- Activity -
Omit all pictures and transcribe only the lines in the entries below that run from the line with "Anisa Valdez pitches" through the line with "而龙虎榜中资金净流出最多的是".

>>>>>

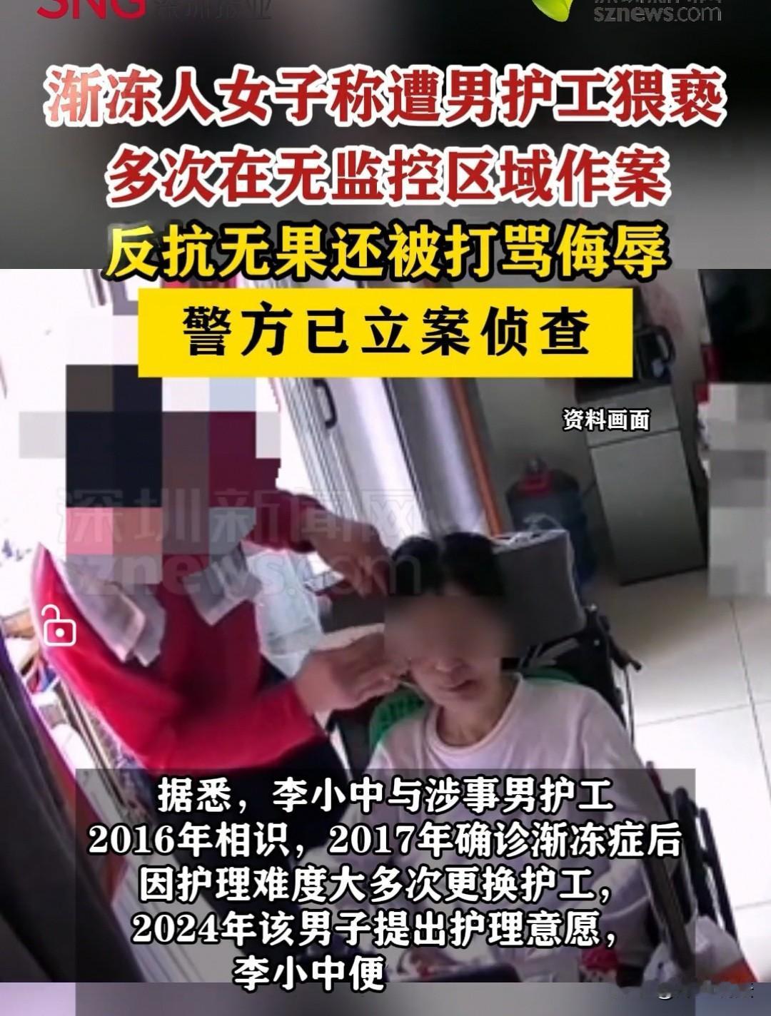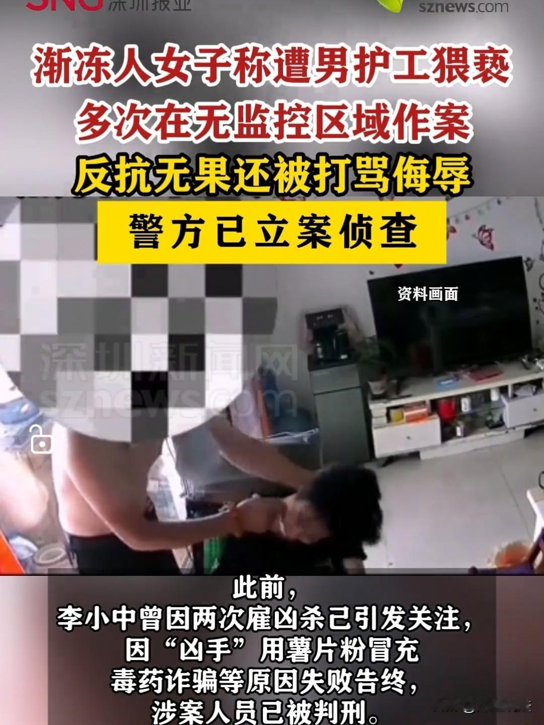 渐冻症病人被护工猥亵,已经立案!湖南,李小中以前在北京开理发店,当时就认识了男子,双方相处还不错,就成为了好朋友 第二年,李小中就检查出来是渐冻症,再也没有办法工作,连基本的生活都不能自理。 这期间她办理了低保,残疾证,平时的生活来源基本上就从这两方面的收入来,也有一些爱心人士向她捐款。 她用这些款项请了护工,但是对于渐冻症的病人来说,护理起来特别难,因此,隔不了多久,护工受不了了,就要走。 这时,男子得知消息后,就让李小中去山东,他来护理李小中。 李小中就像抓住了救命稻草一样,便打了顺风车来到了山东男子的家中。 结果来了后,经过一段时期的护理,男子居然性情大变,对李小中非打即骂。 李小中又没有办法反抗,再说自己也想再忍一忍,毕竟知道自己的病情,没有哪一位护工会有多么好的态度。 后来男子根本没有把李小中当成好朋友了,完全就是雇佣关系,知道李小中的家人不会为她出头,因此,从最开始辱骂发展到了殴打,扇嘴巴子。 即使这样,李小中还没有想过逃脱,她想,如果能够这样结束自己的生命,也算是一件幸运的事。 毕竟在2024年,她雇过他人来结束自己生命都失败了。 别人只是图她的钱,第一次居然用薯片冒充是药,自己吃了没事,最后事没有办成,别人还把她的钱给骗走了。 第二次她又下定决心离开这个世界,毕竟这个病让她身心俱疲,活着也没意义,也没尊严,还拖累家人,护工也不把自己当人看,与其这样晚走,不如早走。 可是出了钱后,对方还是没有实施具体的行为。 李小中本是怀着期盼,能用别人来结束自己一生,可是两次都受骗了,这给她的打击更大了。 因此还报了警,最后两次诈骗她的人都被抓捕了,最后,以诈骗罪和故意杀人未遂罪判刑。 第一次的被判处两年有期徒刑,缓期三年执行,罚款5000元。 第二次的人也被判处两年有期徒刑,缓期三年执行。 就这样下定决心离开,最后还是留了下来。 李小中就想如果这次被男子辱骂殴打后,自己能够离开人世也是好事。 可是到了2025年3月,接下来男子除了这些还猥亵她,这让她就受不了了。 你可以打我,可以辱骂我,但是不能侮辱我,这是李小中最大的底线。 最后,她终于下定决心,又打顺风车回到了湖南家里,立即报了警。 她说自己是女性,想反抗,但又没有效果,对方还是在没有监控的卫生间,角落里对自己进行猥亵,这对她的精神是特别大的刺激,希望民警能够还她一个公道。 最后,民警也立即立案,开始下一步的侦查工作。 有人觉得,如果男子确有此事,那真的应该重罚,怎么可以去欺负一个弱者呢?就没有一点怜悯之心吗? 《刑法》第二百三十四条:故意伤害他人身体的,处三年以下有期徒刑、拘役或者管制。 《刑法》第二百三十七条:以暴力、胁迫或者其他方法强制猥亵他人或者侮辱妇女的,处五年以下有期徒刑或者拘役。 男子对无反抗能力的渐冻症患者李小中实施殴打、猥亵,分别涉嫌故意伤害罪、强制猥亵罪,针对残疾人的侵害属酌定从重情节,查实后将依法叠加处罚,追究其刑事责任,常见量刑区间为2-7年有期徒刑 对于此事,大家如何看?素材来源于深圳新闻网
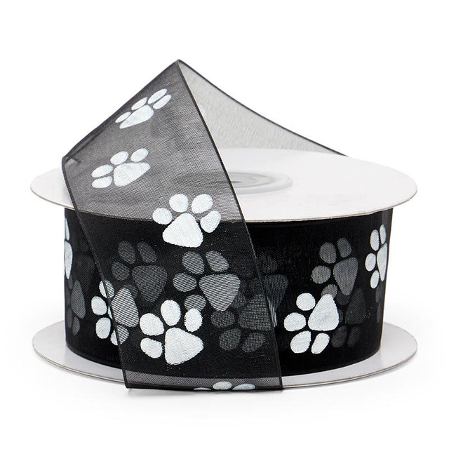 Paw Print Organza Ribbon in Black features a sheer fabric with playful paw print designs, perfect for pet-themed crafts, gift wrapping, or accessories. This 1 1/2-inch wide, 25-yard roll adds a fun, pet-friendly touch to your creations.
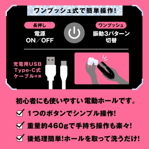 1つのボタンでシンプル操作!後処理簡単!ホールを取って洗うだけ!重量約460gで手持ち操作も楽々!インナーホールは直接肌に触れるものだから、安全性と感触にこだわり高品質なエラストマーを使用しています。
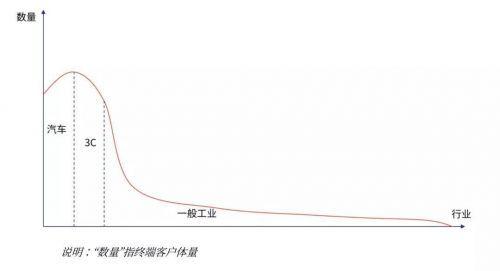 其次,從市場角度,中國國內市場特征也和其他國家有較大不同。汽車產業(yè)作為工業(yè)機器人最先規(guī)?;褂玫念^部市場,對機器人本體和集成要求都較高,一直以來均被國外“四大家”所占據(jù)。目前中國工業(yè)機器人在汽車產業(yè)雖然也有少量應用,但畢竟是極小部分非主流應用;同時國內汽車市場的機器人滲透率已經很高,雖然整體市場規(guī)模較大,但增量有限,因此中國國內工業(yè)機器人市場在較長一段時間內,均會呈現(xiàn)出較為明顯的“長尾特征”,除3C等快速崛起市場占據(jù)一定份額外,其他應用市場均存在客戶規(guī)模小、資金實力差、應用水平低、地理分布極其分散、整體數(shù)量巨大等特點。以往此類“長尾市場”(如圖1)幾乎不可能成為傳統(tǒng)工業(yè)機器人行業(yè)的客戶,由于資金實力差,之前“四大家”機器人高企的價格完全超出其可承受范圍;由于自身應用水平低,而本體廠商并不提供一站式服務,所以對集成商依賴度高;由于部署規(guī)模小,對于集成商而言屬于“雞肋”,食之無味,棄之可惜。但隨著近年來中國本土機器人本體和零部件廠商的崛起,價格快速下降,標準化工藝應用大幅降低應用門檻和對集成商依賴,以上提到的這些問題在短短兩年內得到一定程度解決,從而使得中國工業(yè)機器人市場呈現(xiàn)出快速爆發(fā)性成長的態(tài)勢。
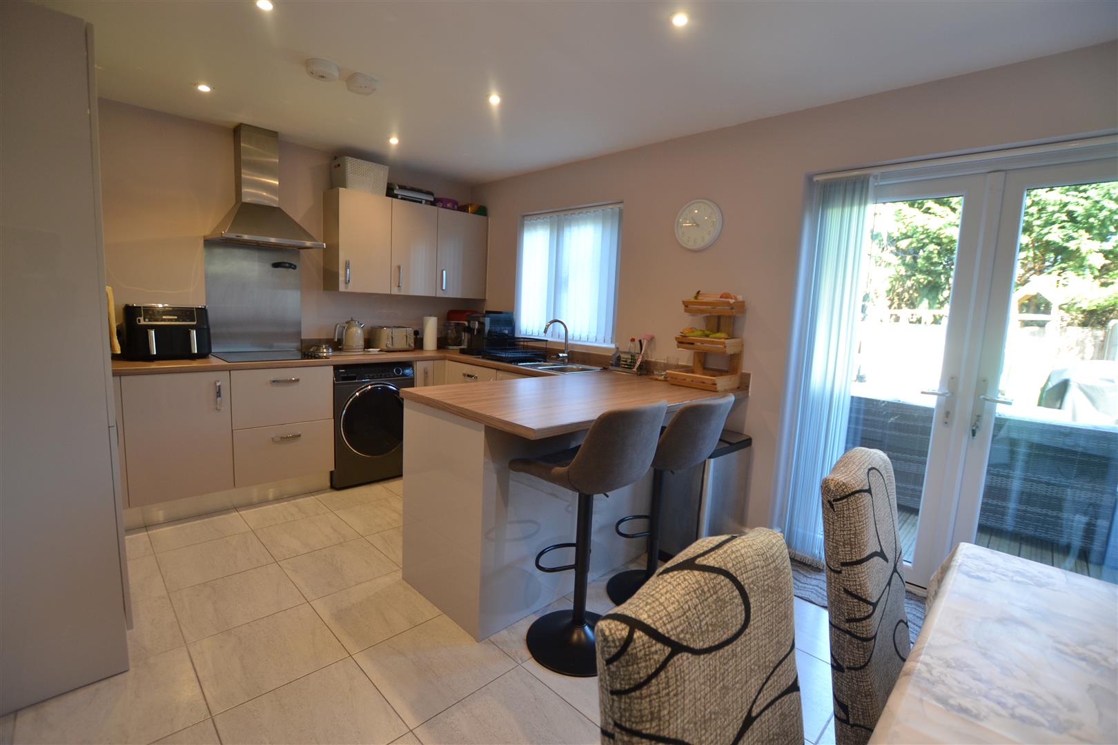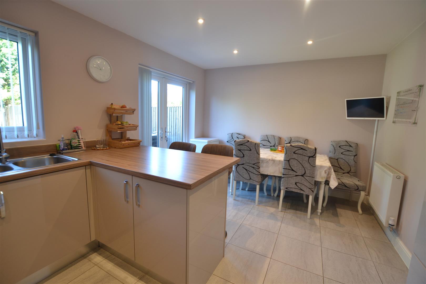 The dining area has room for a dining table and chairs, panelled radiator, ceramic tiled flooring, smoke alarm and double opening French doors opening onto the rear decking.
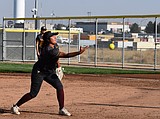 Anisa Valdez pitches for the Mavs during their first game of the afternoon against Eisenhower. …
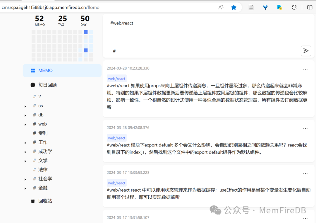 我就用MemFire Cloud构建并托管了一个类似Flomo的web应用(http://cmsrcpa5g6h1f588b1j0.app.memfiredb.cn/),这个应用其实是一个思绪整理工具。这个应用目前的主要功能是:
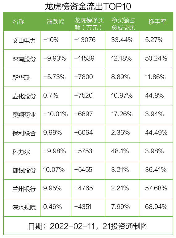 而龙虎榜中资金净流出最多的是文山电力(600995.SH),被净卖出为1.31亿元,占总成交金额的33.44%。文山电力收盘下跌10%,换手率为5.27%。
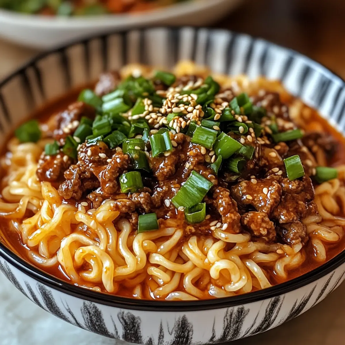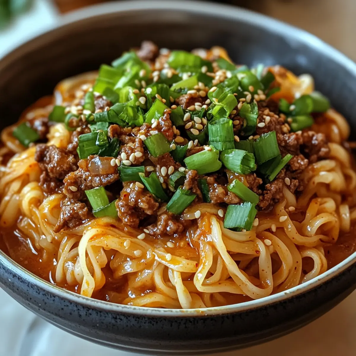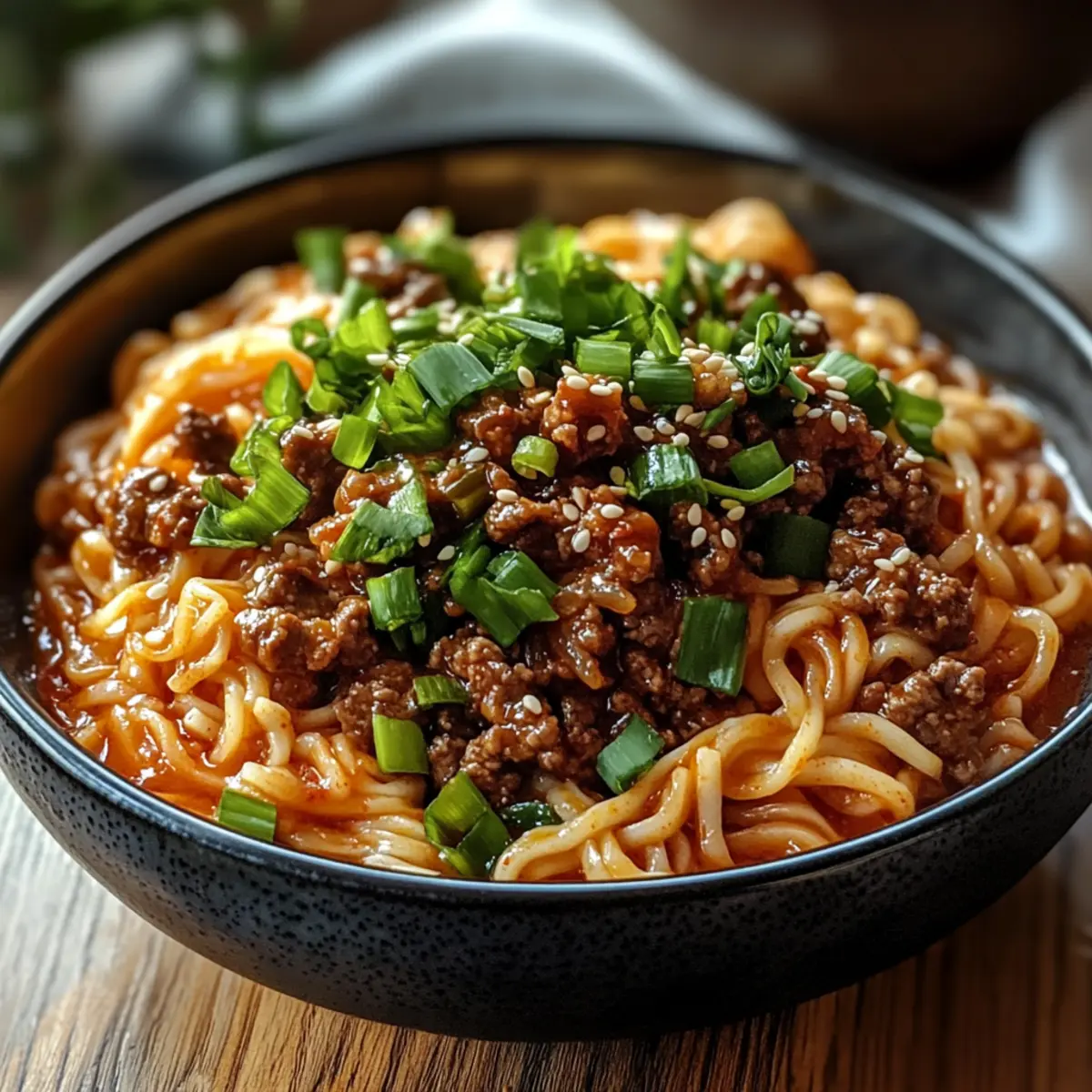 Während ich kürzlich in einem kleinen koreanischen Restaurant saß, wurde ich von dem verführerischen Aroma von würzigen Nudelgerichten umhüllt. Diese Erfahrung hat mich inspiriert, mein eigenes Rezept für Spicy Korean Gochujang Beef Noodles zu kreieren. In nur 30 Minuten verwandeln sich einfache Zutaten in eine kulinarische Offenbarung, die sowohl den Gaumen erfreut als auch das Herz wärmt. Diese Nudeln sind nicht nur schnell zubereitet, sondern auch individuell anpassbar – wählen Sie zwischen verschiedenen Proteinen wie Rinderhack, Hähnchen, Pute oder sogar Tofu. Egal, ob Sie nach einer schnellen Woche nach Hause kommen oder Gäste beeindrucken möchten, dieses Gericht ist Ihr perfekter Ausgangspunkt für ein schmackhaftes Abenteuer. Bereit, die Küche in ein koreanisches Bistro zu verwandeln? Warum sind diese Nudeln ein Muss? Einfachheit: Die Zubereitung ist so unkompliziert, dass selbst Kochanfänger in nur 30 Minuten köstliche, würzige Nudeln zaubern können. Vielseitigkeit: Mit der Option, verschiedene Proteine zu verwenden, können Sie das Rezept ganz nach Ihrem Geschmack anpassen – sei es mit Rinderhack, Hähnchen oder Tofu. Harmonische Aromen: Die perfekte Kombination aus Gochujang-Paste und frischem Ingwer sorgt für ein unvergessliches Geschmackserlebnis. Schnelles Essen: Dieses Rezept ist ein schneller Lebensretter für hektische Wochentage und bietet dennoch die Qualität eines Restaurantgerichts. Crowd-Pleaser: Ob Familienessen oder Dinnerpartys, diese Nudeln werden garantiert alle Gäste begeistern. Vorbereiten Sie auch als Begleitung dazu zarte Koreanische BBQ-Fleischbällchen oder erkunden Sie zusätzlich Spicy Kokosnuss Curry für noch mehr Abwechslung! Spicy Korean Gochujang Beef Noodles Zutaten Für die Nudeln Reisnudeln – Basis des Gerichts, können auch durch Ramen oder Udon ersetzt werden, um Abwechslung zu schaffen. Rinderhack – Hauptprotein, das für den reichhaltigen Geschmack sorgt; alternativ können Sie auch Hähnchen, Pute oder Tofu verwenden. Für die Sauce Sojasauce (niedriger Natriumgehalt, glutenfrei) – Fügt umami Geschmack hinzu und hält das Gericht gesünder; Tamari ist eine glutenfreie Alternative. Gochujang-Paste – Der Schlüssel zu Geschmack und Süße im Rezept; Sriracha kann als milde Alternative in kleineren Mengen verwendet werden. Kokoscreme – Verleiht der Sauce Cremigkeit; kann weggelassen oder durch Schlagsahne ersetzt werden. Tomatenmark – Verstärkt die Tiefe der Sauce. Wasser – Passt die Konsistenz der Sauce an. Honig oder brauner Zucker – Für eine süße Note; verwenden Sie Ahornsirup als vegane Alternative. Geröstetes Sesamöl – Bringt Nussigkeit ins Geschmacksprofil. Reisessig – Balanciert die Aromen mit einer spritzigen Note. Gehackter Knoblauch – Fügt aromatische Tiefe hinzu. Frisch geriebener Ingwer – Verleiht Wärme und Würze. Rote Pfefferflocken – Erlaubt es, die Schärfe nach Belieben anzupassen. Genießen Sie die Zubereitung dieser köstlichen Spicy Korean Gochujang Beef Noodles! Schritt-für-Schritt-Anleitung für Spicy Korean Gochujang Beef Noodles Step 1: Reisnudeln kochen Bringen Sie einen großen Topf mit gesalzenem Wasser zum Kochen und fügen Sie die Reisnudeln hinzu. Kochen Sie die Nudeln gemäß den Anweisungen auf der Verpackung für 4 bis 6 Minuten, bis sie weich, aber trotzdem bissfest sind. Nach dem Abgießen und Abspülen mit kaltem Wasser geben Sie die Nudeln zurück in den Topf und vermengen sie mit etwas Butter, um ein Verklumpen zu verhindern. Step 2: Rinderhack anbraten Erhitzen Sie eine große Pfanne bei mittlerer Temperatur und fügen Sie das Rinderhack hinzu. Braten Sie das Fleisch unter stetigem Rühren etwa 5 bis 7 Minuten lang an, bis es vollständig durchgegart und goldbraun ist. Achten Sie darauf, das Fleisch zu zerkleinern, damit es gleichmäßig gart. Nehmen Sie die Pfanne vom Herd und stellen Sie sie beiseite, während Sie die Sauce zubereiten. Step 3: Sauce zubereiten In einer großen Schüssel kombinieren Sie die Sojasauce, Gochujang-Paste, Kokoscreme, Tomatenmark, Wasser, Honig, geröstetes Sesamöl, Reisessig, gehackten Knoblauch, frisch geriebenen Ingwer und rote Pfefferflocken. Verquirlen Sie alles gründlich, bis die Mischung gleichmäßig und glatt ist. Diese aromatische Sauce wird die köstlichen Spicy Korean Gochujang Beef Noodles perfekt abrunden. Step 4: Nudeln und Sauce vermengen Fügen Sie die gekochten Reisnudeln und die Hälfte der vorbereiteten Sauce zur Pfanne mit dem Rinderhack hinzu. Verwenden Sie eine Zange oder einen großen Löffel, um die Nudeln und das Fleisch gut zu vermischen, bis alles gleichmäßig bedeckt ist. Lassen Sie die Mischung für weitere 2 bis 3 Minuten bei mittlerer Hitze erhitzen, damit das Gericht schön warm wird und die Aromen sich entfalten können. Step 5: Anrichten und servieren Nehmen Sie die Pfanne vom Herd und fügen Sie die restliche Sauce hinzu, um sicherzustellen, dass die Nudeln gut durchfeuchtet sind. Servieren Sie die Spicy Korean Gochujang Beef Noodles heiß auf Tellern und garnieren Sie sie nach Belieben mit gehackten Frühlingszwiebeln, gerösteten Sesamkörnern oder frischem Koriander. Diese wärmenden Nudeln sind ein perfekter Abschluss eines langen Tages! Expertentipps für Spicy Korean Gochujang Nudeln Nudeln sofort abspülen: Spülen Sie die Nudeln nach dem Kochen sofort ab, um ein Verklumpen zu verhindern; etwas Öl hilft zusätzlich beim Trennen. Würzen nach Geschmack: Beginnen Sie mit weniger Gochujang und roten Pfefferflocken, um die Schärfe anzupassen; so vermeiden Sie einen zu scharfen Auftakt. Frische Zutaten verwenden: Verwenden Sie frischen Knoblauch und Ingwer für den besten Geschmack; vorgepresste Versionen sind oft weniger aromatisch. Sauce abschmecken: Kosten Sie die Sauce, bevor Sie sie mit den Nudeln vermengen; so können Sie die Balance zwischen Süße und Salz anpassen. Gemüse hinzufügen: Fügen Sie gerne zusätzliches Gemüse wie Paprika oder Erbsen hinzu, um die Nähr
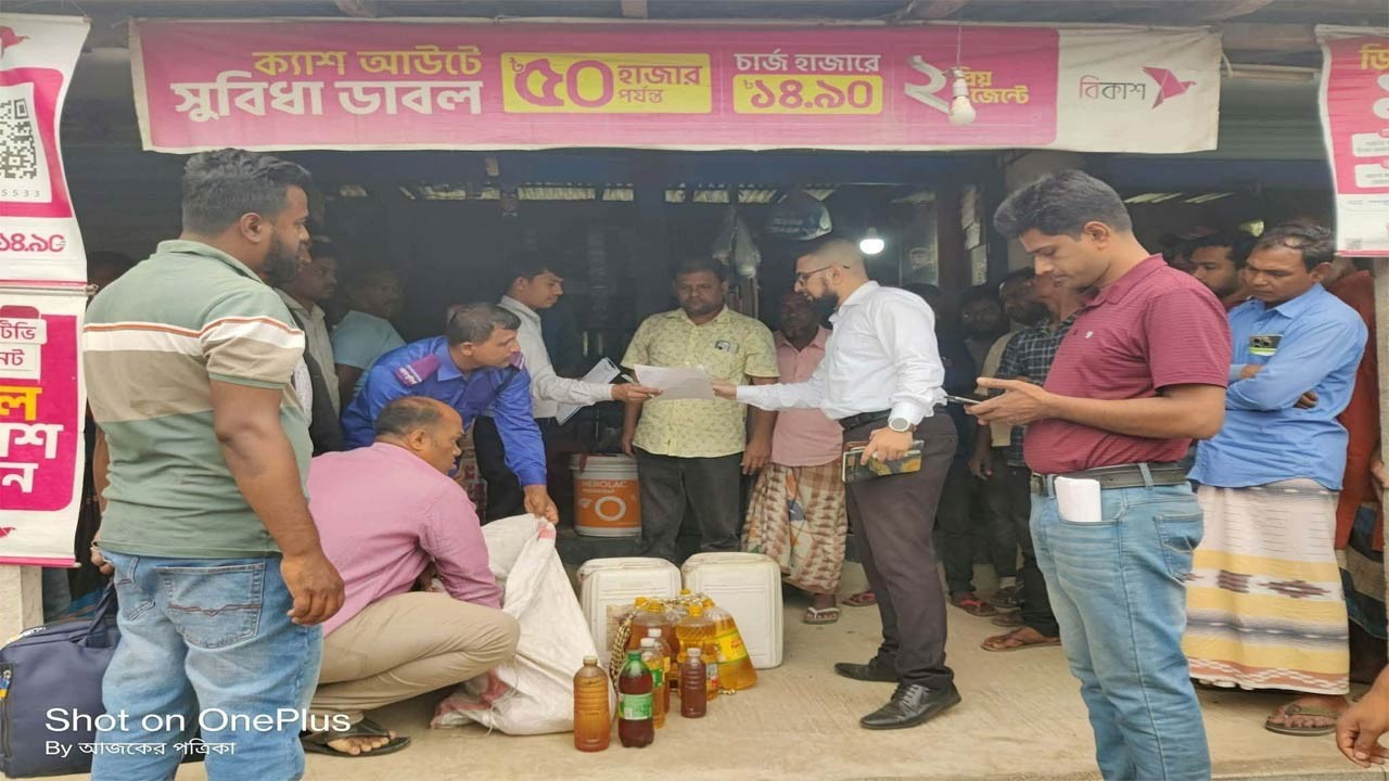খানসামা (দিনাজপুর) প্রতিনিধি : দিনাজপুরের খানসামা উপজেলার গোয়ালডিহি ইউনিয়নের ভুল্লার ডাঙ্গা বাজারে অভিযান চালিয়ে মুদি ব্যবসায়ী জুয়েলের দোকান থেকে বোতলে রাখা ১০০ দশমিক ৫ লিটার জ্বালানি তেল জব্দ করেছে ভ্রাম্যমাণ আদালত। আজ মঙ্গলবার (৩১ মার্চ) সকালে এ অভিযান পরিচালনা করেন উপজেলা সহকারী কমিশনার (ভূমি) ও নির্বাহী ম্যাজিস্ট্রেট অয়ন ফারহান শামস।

<<<<<

- Response below -
 Anisa Valdez pitches for the Mavs during their first game of the afternoon against Eisenhower. …
 我就用MemFire Cloud构建并托管了一个类似Flomo的web应用(http://cmsrcpa5g6h1f588b1j0.app.memfiredb.cn/),这个应用其实是一个思绪整理工具。这个应用目前的主要功能是:
 而龙虎榜中资金净流出最多的是文山电力(600995.SH),被净卖出为1.31亿元,占总成交金额的33.44%。文山电力收盘下跌10%,换手率为5.27%。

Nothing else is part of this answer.